I’m out of the hot seat as the three adults begin talking about the wedding, and I tune out, slowly inching myself to the back wall and hopefully out of their attention. I really want another drink, but three glasses is my limit when I have to drive home. I could go to town and crash in one of the seven guest rooms, but I’m sure they’re staying here tonight and I can only take so much perfection before my head explodes.
I didn’t give Rebecca much thought when he introduced us twelve months ago. Sure she was gorgeous and a talented doctor, but Justin always dated the talented gorgeous. He’d done the billionaire playboy thing since he was seventeen, with the usual models and actresses or a lawyer or businesswoman thrown in for good measure. I’d met a lot of them, so I just assumed he’d keep his MO of three months, just enough time for them to fall in love before he’d give them the polite boot. The jerk even complained about how hard it was having all those women fall head over heels for him. If only he knew. It took all my strength not to sock him in the jaw.
Then they passed the three month mark. The fourth. We didn’t see each other for weeks at a time, and when we did she’d be there. At the shooting range. At dinner. Instead of sailing, we’d meet at a playground and watch Daisy swing. No more bars, only restaurants with mechanical mice singing. No more jetting off to see a football game on a moment’s notice. Then she called me. And called again, insisting we meet for lunch. Shopping. Facials. The best and only advice my mother gave me years before rang in my ears.
“Never make him choose. Remember, he’s a man and he’s fucking her. Who do you think he’ll pick?”
It was important to Justin, she was important to Justin, so I agreed. Even attended Daisy’s ballet recital with them.
I could feel it coming, and I did my best to prepare for it. The engagement. But when he called me to the house, and they were both grinning like mental patients, not so subtly pointing to the diamond on her finger, I had no idea my reaction would be so severe. I saw that ring, and it was as if all the joy and peace I ever had or ever would feel was sucked out of every one of my cells.
I have no idea how I got through the following ten minutes of congratulations and champagne, but I managed to smile and hold off the tears until I got off the property. Then I got drunk. Very drunk.
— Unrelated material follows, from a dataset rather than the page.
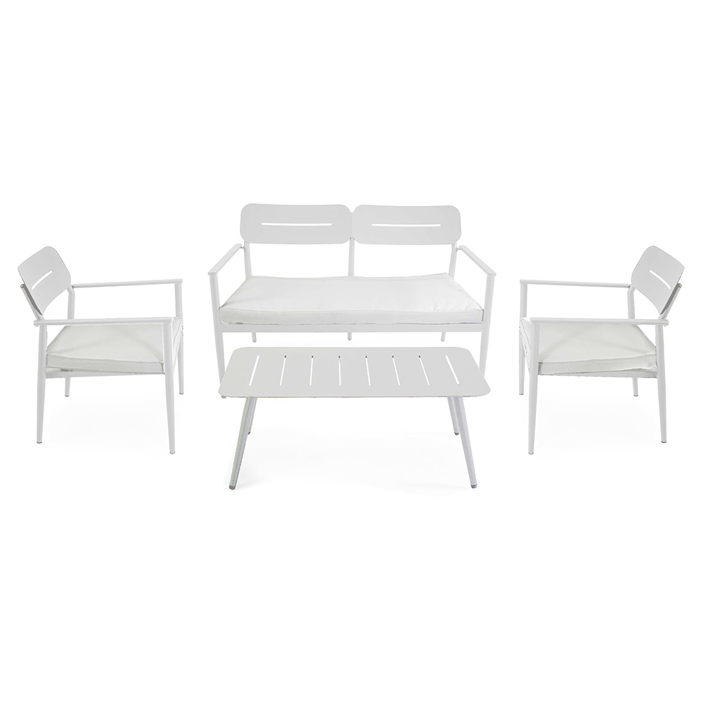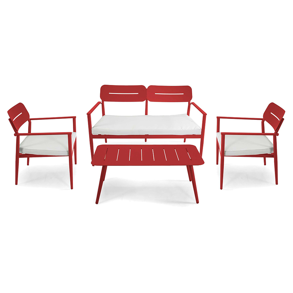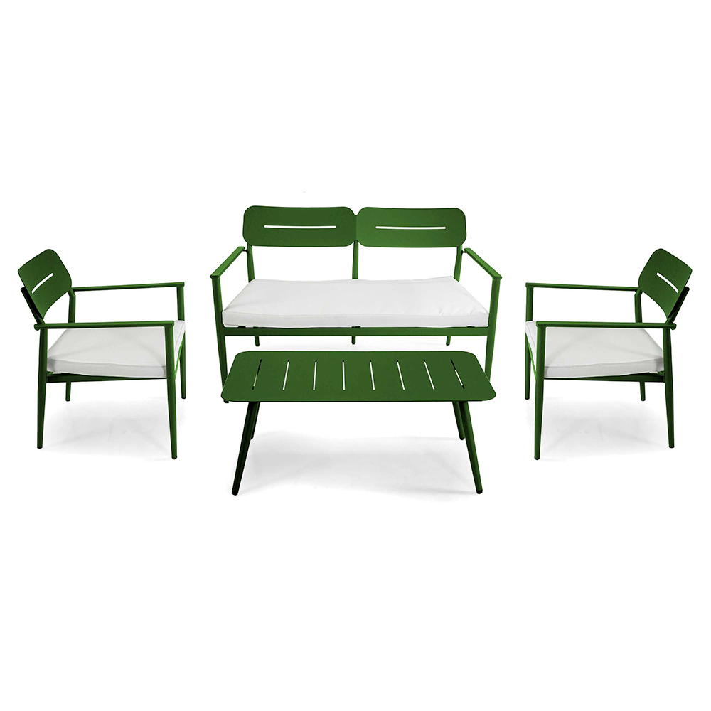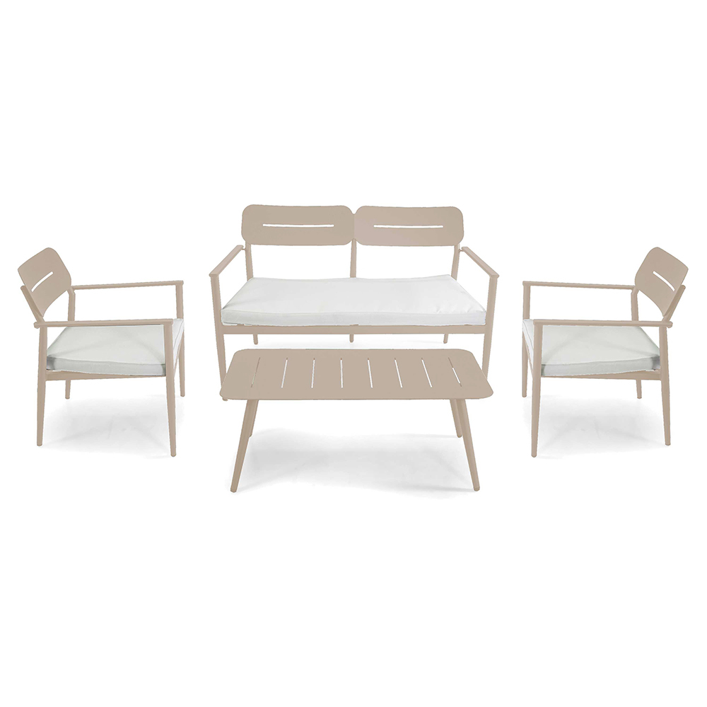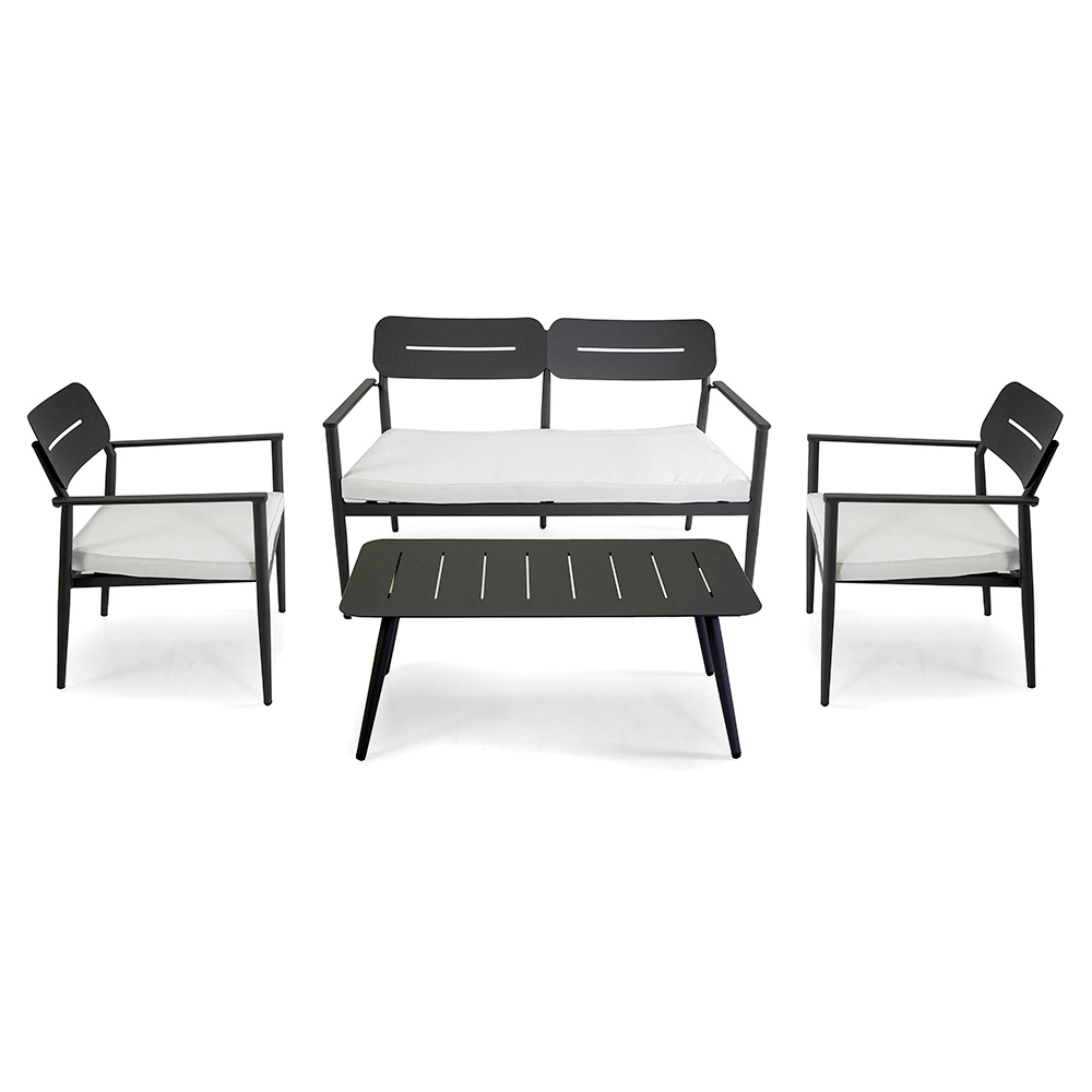This outdoor lounge combines functionality and modern style , perfect for those who want to furnish outdoor spaces with taste. The aluminum frame is both elegant and sturdy, ensuring long life and easy maintenance. Each element of the set is designed to offer maximum comfort, from the armchair with its ergonomic backrest, to the spacious sofa with soft and inviting cushions.
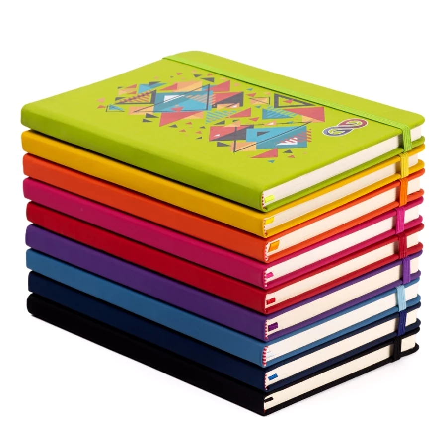 TheMaster A5 notebook is made of modern PU eco leather, giving the product an elegant, timeless look. With 96 lined pages, you can write down everything you need. The notebook is perfect as a personal diary as well as a small gift for meetings, rallies and events. The size of the product is 14x21 cm, which means that the Master A5 noteb ook fits into both a rucksack and a handbag. The notebook has a bookmark to keep things tidy and an elastic band to close it. Available in a range of colours.

It was a miracle I didn’t end up in the hospital with charcoal in my stomach. That miracle came in the form of my boss Harry, who the bartender at Neptune’s called and then saw me home. Another man saving me from myself.
I know I’m a horrible friend, I know this. When your best friend finds the love of his life, and is blissfully happy, and you’re trying to figure out the best way to frame his bride for drug possession, this becomes abundantly clear. Mind you, I do get some points for not actually doing it, but just the thought makes me feel better. It’s me. It’s all me. I am the asshole in this situation, I am fully aware of that. If I gave her half a chance I’m sure I’d love her just like everyone else on planet earth. The green-eyed monster who lives inside me just won’t allow it. And I don’t have the energy or strength to kill the fucker.
Not that they’d ever guess my ire. A combination of that ecstasy bubble, and my stellar lying skills, have shielded me from any awkward questions or situations. Except in the case of Justin’s Aunt Lucy. She cornered me in the hall one day and threatened to have me killed if I did anything to ruin the wedding. I very politely told her where to shove her threat. We’ve never been best friends.
Lucy sits on the other side of the room, her nose in a book. She’s allowed to be anti-social. The first moment I saw her on that bridge I was reminded of a strict nun who wouldn’t hesitate to smack me with a ruler for sneezing during prayer. She’s in her late fifties with short salt and pepper hair, face stretched across sharp cheekbones and pointed nose, and gaunt body always in chic black. She hasn’t changed much in twenty years. Still just tolerates me. She’s not even trying tonight.
“Isn’t that right, Joanna?” Rebecca asks, pulling me out of my head.
“I’m sorry. What?”
“You’ve met Justice, haven’t you?”
“I’ve had an encounter or two,” I say, not hiding my distaste.
“He helped you on the Corona case, right?” Rebecca asks.
“How frightening,” Marnie says. “I can’t imagine having to be near, let alone chasing after a super. It must be so dangerous.”
“It happens less often than the press would have you believe,” I say. “Most of the time I deal with the usual. Gangs, domestic violence, drugs. When supers fight, it’s usually just with other supers. We, sadly, just handle the collateral damage.”